Maelor Saesneg, also known as English Maelor, comprises one half of the Maelor region on the Welsh side of the Wales-England border, being the area of the Maelor east of the River Dee. The region has changed counties several times, previously being part of Cheshire and later a detached portion of Flintshire. The area is currently in Wales, despite its name, and administered as part of Wrexham County Borough.
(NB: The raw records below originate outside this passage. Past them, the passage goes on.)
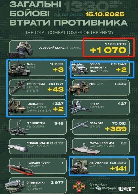 6、【英国情报部门披露俄军2025年损失情况】10月14日,英国国防情报局称,自2025年伊始,俄军已有30多万士兵阵亡和受伤。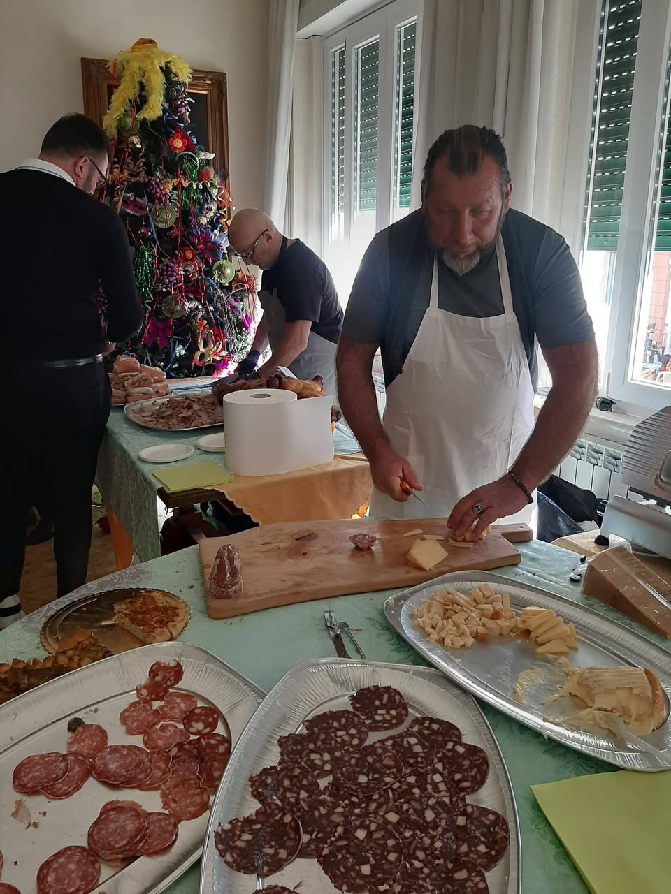 La cucina di mare è più giovane: risale a circa 200 anni fa. Quindi, come tutti gli anni, con alcune settimane di anticipo, allertiamo una delle migliori norcinerie e gastronomie del territorio (Bonuccelli di Camaiore) e partono le ordinazioni”. Che, per l’ultima domenica di porte aperte, ha significato – tanto per quantificare – 200 porzioni di lasagne, una porchetta di 28 chili finita in poche ore, salame nostrano, biroldo (il sanguinaggio o mallegato), formaggio.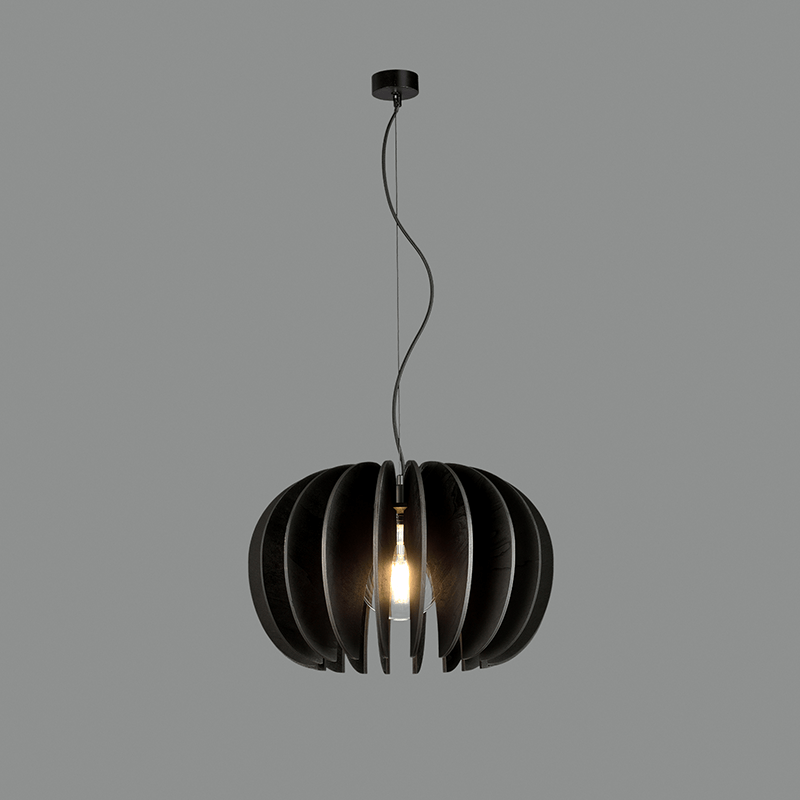 Graças à sua estrutura em forma de pétalas de madeira preta , a luz passa criando um belo jogo espiral de luz ao redor da lâmpada. Com isto e com o seu IP20, torna-se o elemento essencial de uma casa moderna e inovadora.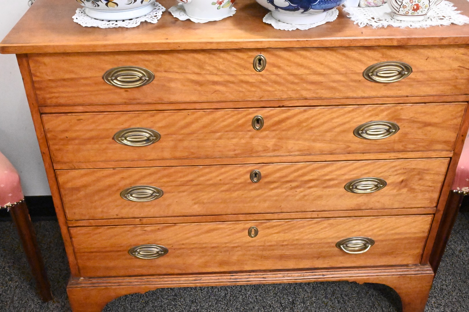 Birch Chippendale Four Drawer Chest, on bracket feet, height 33 1/2 inches, top 19″ x 38 1/2″.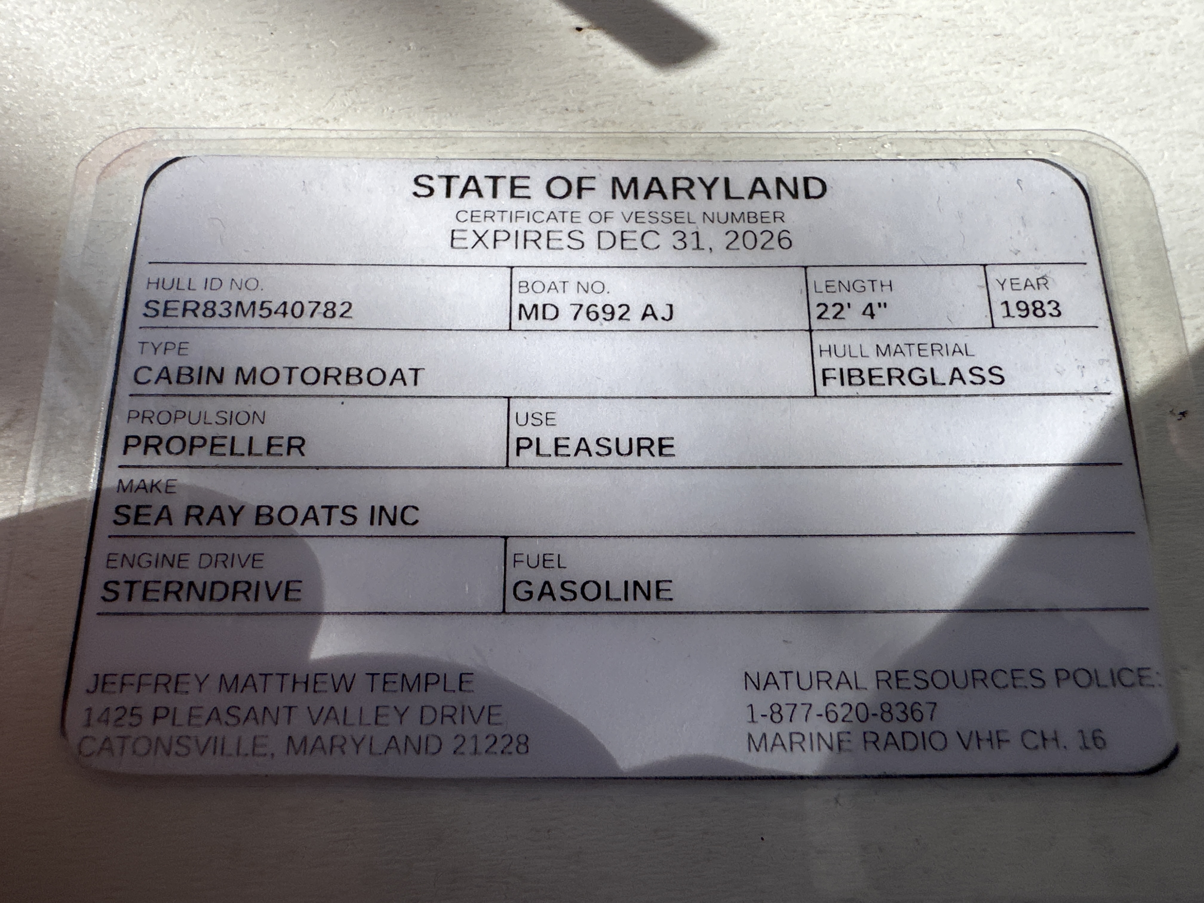 Boat Registration Card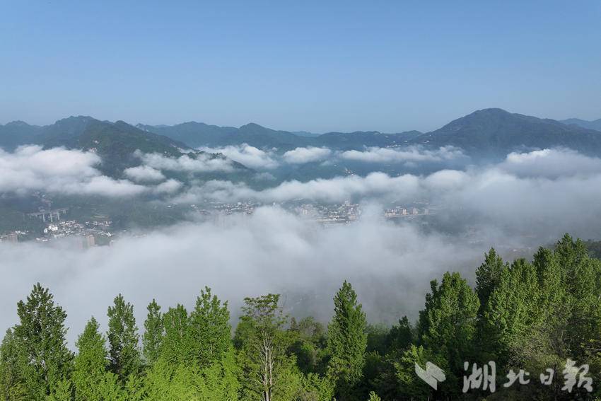 当日,雨后初晴,保康县出现云海景观,山峦、县城在云海中若隐若现,美若画卷。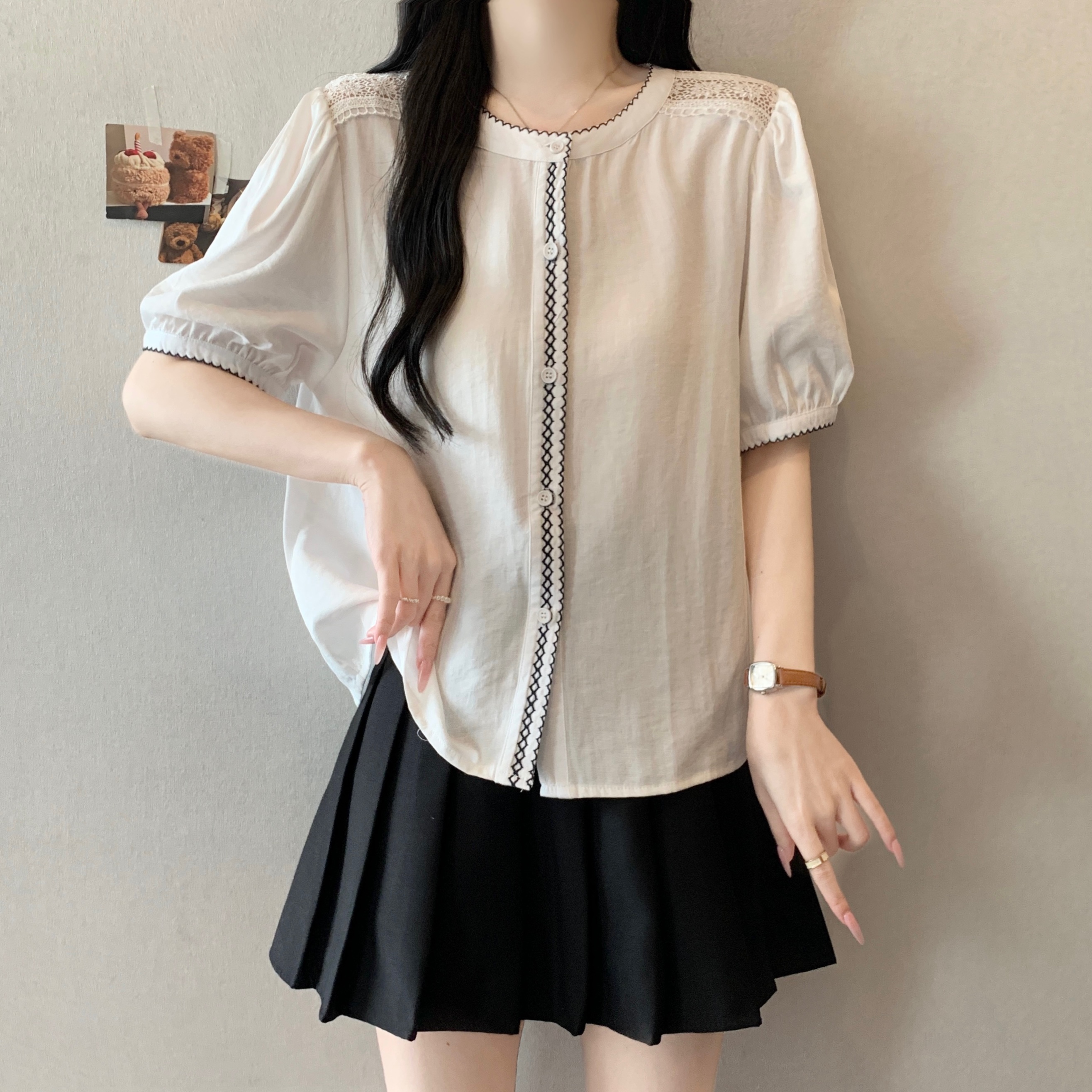빅 사이즈 지방 mm 여름 새로운 비즈 박기 광장 칼라 거품 소매 셔츠 지방 mm 슬림해 보이는 표지 고기 맨위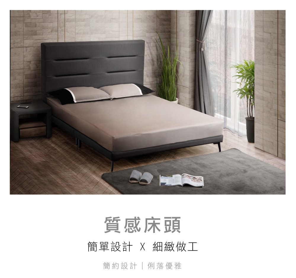 IHouse-修傑凱 簡約 貓抓皮床頭片 雙人5尺鐵灰色#707-01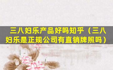 截至我的知识更新日期(2023年),三八妇乐(Sanba Fule)并不是一个广为人知的品牌,也没有明确的资料显示它是一家持有直销牌照的公司。在中国,直销牌照是由中国国家市场监督管理总局颁发的,允许企业通过直销方式销售产品。如果三八妇乐是一家在中国运营的公司,并且声称拥有直销牌照,那么它应该能够在国家市场监督管理总局的官方网站上查询到相关信息。
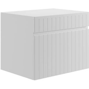 Vous aspirez à une salle de bain à la fois unique et fonctionnelle ? Découvrez notre meuble de salle de bain SATARA, une pièce distinctive qui apportera une touche contemporaine et sublimera votre intérieur. Ce meuble strié allie design et élégance grâce à sa teinte douce tout en apportant solidité et facilité de nettoyage grâce son matériau en MDF et sa finition en feuille PVC. Doté d'un tiroir avec un système soft close, il saura répondre à vos attentes de fonctionnalité, de praticité et d'esthétisme. Caractéristiques Couleur (nuance) : Blanc Matière : Mdf Finition : Rainuré Robinetterie incluse : NON Type de rangement : 1 tiroir Tiroir coulissant soft close Type de pose : à suspendre Gamme : Good for Planet, À la carte Produit éco-responsable : Fabriqué en Europe À monter soi-mêmeDimensions Longueur : 60 cm Hauteur : 46 cm Profondeur : 46 cmLivraisonColisColis n°1 : Longueur 83 cm, Largeur 48 cm, Hauteur 11 cm, Poids 16 kg,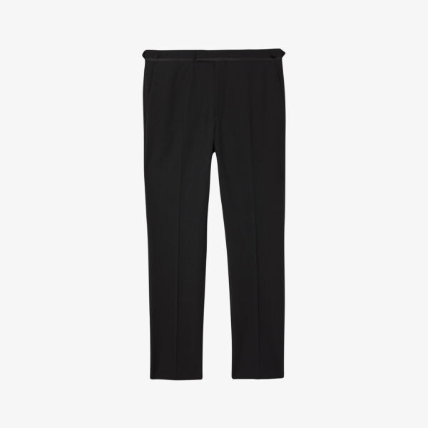 Брюки-смокинги Poker узкого кроя из смесовой шерсти стрейч с атласной отделкой Reiss, черный

The name Maelor is an old Welsh word: it can be translated as "land of the prince", from mael "prince" and llawr "low ground", "region". Malaur Saisnec appears in a document as early as 1202: Saesneg ("English") is believed to relate specifically to the area's religious administration, as it was historically part of the ancient Diocese of Lichfield and Chester.

==History==

At the time of the Roman invasion, the area was part of the region occupied by the Cornovii, one of the Celtic tribes of ancient Britain, on the border with the Deceangli tribe across the River Dee to the west. Following Roman Britain, and the emergence of various petty kingdoms, the region was ruled within the Kingdom of Powys until falling to the Kingdom of Mercia by the late 8th century under Aethelbald.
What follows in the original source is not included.